La fiesta rompe el aislamiento de la convivencia y abre las compuertas a la dimensión comunal. Cada pequeña familia agranda su círculo y se convierte en escenario polivalente porque afluyen con motivo de la fiesta, familiares próximos y lejanos, parientes y amigos y conocidos, que, saltando la barrera de la lejanía física, llegan al pueblo para un encuentro interfamiliar. Y el pueblo entero se hace encuentro comunitario en la calle, en circulación múltiple de expresiones, saludos, abrazos, cariño, rememoración de vivencias, intercambio de amistad.

Y más allá de esa acogida a los familiares más cercanas se expresa esta actitud comunal con símbolos de hospitalidad. Las puertas se abren para brindar a las parrandas que recorren las calles. Los asaderos de carne en adobo, los asaderos de pescado, regados con vinos de la tierra son compartidos por quienes quieran sumarse a participar.

La rueda de lo festivo gira a impulso de motivaciones múltiples. Y en la fiesta canaria, la dimensión religiosa es una de las más patentes. El pueblo canario se ha mostrado en su historia como un pueblo globalmente religioso.

La religiosidad popular se convierte en una plataforma de supervivencia. Ha sido el recurso límite que ha proporcionado a la gente un cierto equilibrio y un hábito de sosiego que ha serenado su ansiedad al abrigarle un cambio de esperanza, encontrarle sentido a la vida y sacar fuerzas para sobrevivir.

La fiesta de San Ginés, nuestro patrono, el obispo de Arlés, reúne todos los ingredientes de la fiesta canaria: Arrecife duplica su población, no sólo por la gente que baja de los pueblos, sino, principalmente, porque los marineros, los roncotes, por San Ginés están en tierra, su infantil apego al terruño se hace patente. Ese apego a la tierra nativa cree ser un único derecho a la libertad, su encono y su esperanza.

El engalanamiento de las calles, los pasacalles de gigantes y cabezudos, el tiovivo, las ruletas, los ventorrillos engalanados con hojas de palmera, y que atraen con el tufillo de la carne en adobo a cuantos transitan recorriendo el ferial, son características de nuestras ancestrales fiestas.
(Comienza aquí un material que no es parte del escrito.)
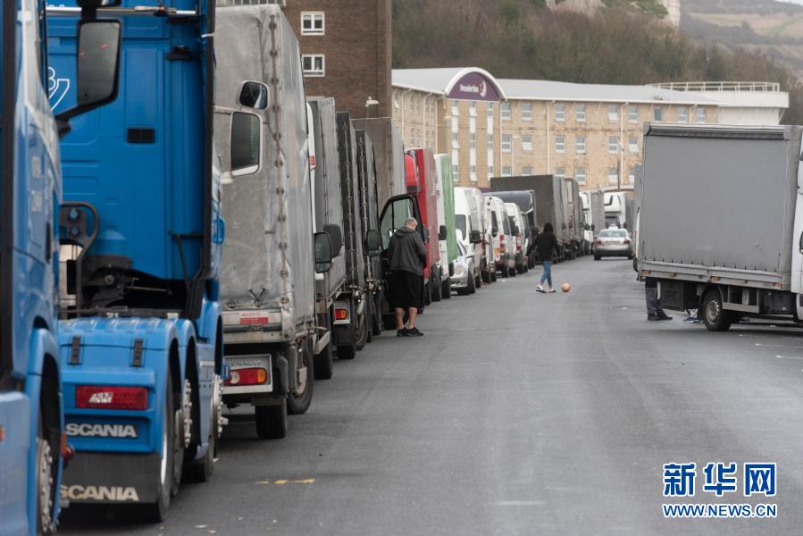 12月22日,在英国多佛,货车因多佛港关闭在外排队。新华社发(雷伊·唐摄)
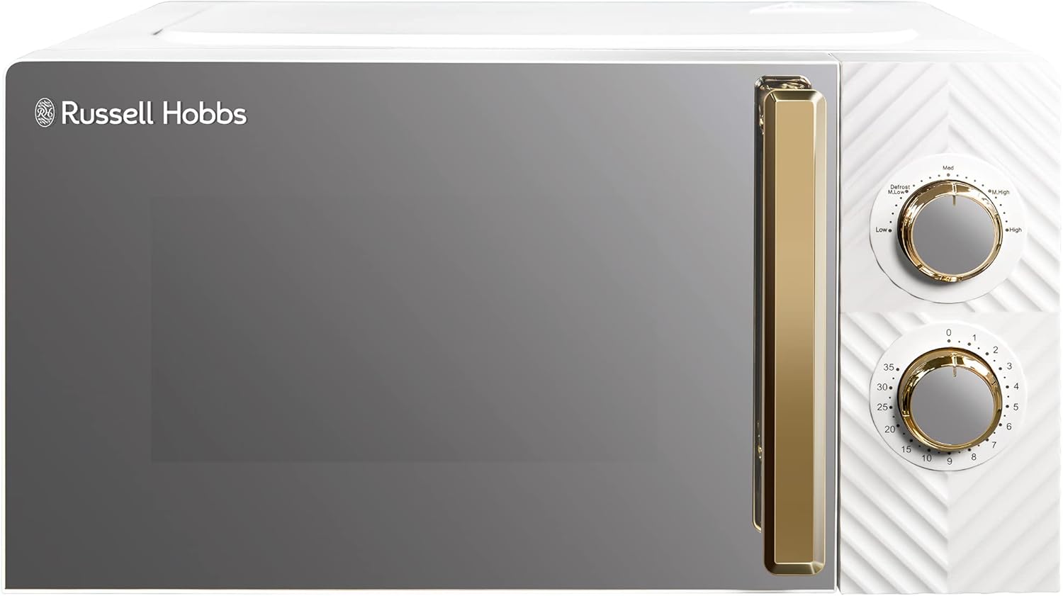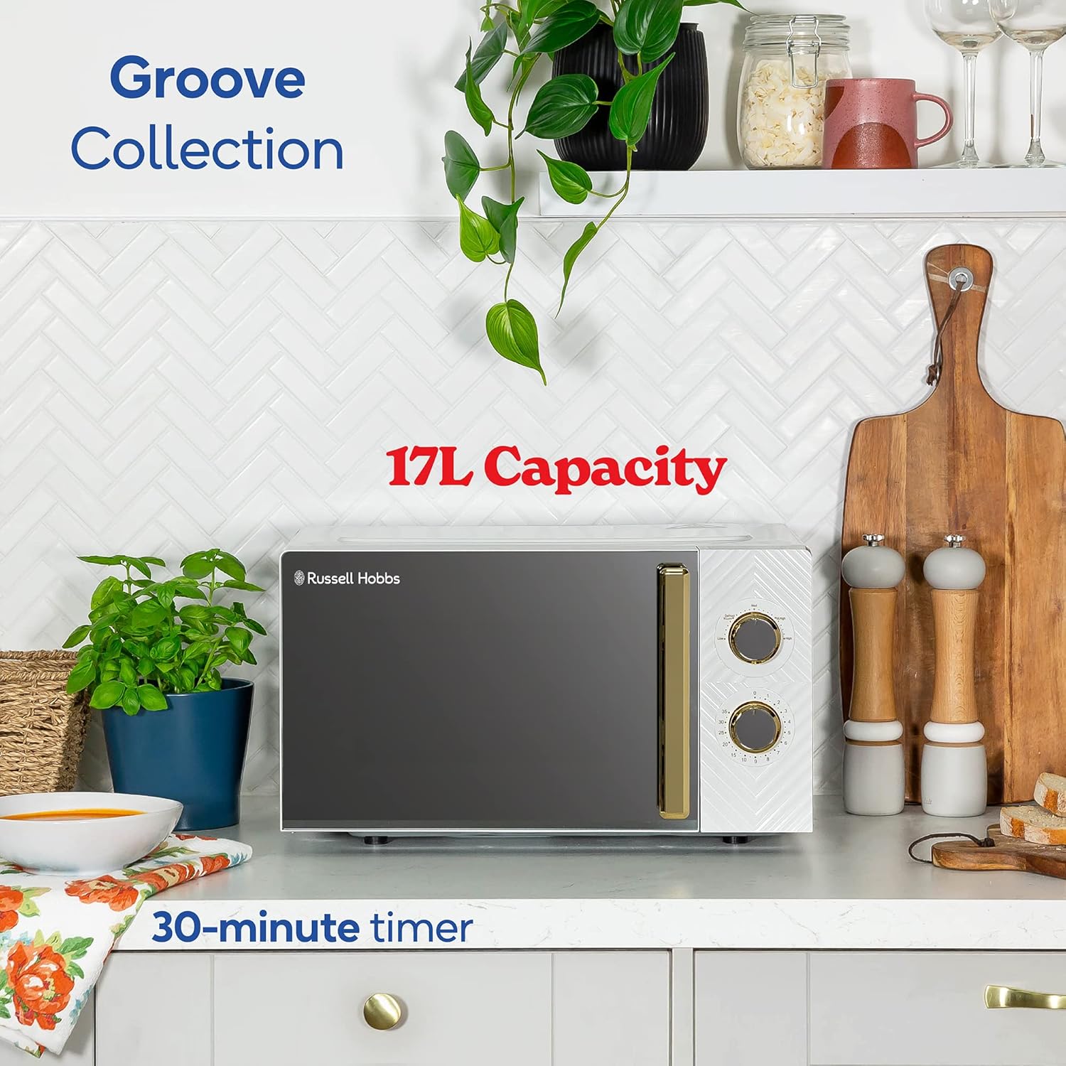 Russell Hobbs 17 Litre 700W White Solo Manual Microwave With Groove Design, 5 Power Levels, Integrated Timer And Defrost Function, Easy Clean RHMM723
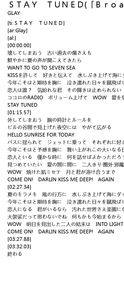 | [01:12.42] | STAY TUNED |
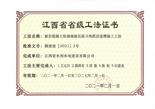 2021年2月1日,江西省住房和城鄉(xiāng)建設(shè)廳文件《關(guān)于公布我省2020年度第二批省級工程建設(shè)工法的通知》(贛建建〔2021〕2號)公布了2021年度第二批省級工程建設(shè)工法評審結(jié)果,其中,公司申報的《小直徑深層攪拌防滲墻二次成墻改進攪拌頭施工工法》、《嵌巖混凝土防滲墻液壓抓斗純抓發(fā)造槽施工工法》審定為“2020年度省級工程建設(shè)工法”。
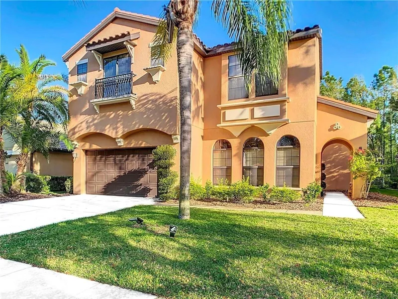 PRICE TO SELL – WON’T LAST LONG! Back on the market with brand-new luxury vinyl flooring upstairs! Stunning Mediterranean-style home in Grand Hampton featuring 4 bedrooms + office/den, 3.5 baths, and 2-car garage. First floor offers textured engineered hardwood floors, soaring 15-ft ceilings, and abundant natural light with French doors opening to a screened lanai and serene conservation views—no backyard neighbors! Gourmet kitchen with granite countertops, stainless steel gas appliances, 42” cabinets, island with sink, and dining area. Upstairs includes spacious bedrooms and an oversized master suite with walk-in closet, wooded views, and luxury bath with dual vanities and walk-in shower. Gated community with resort-style amenities: zero-entry pool with waterslide, lap pool, tennis courts, clubhouse, and more.
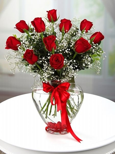 ŞEFFAF YADA KIRMIZI KALP VAZO İÇERİSİNDE 11 ADET KIRMIZI GÜL
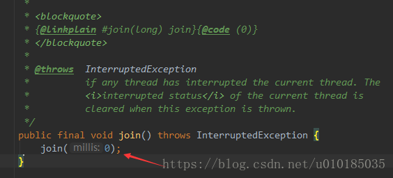 进入join源码后,首先看到的是一个传入0参数的join方法,此处选择继续进入。
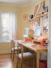 在浪漫的两人世界里也不能忘了工作。在客厅一角或卧室一角用大型书架隔出一个小小的工作室,将墙面用鲜艳的色彩进行装饰,给人无限创造的激情。
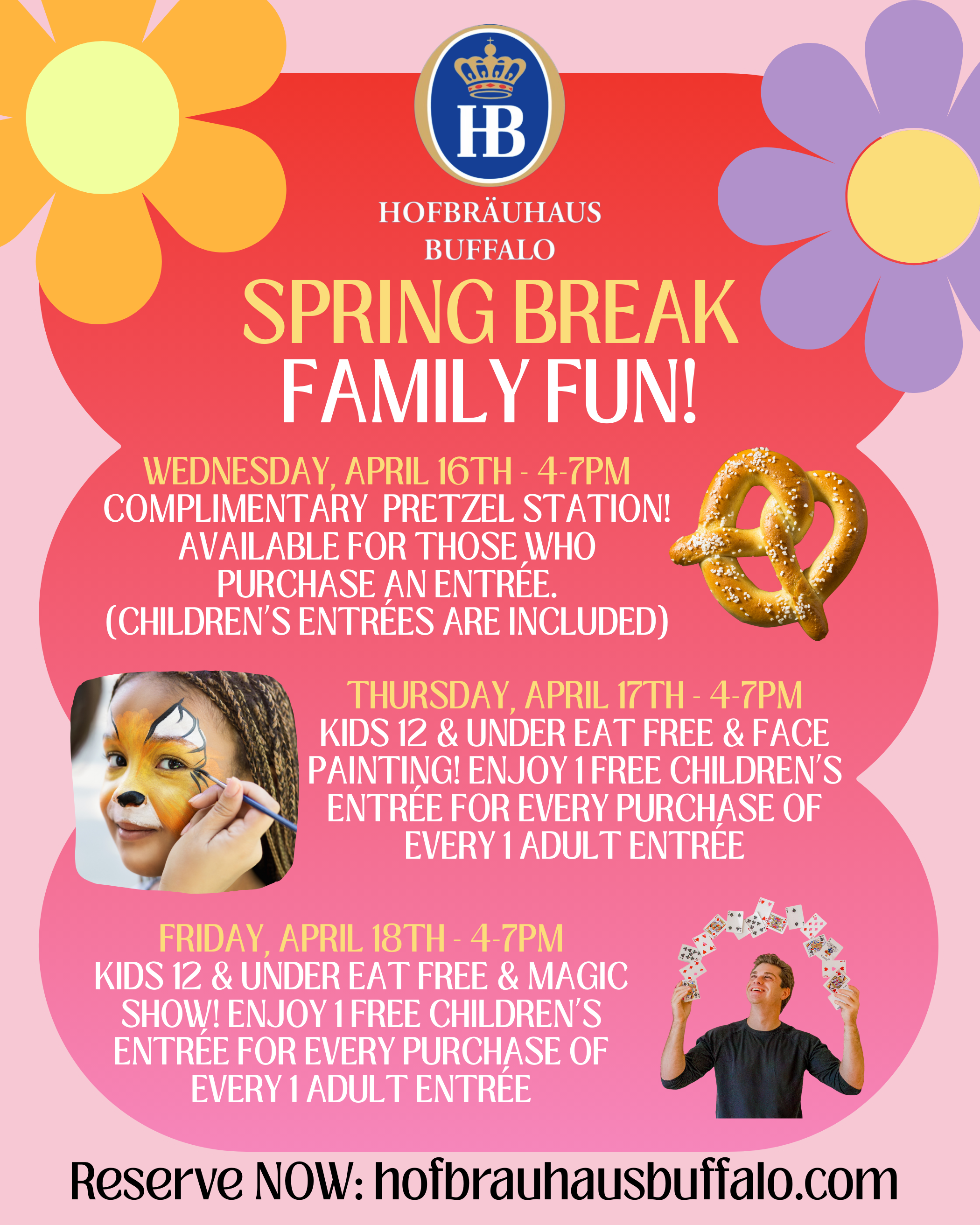 Kids 12 & under eat FREE! FREE Children’s entrée with the purchase of an adult entrée! Come on down and get you face painted!
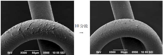 試験例)電子顕微鏡による⽑髪表面撮影サンプル⽑束を40度のお湯に漬け、DETOSPAの水素溶解装置を10分間稼働。

Las parrandas, en las que no faltaban el “forito” (acordeón),, recorren las calles y son algo que el arrecifeño no puede olvidar, por más que el Star-Trek, el Master, el Dragón, los Toros, los Cochitos Chocones…, más cosmopolitas, sean hoy el divertimento de chicos y mayores, no nos hacen olvidar tiempos pasados, llenos de emoción y gratos recuerdos.

Por eso, en este día quiero pregonar para chicos y mayores, para residentes y visitantes: ¡Gocemos de estas fiestas de lo antiguo y de lo actual, pero hagámoslo con respeto y generosidad, siendo hospitalarios con quienes vienen a compartir con nosotros días de jolgorio, de paz, de sosiego y de felicidad!.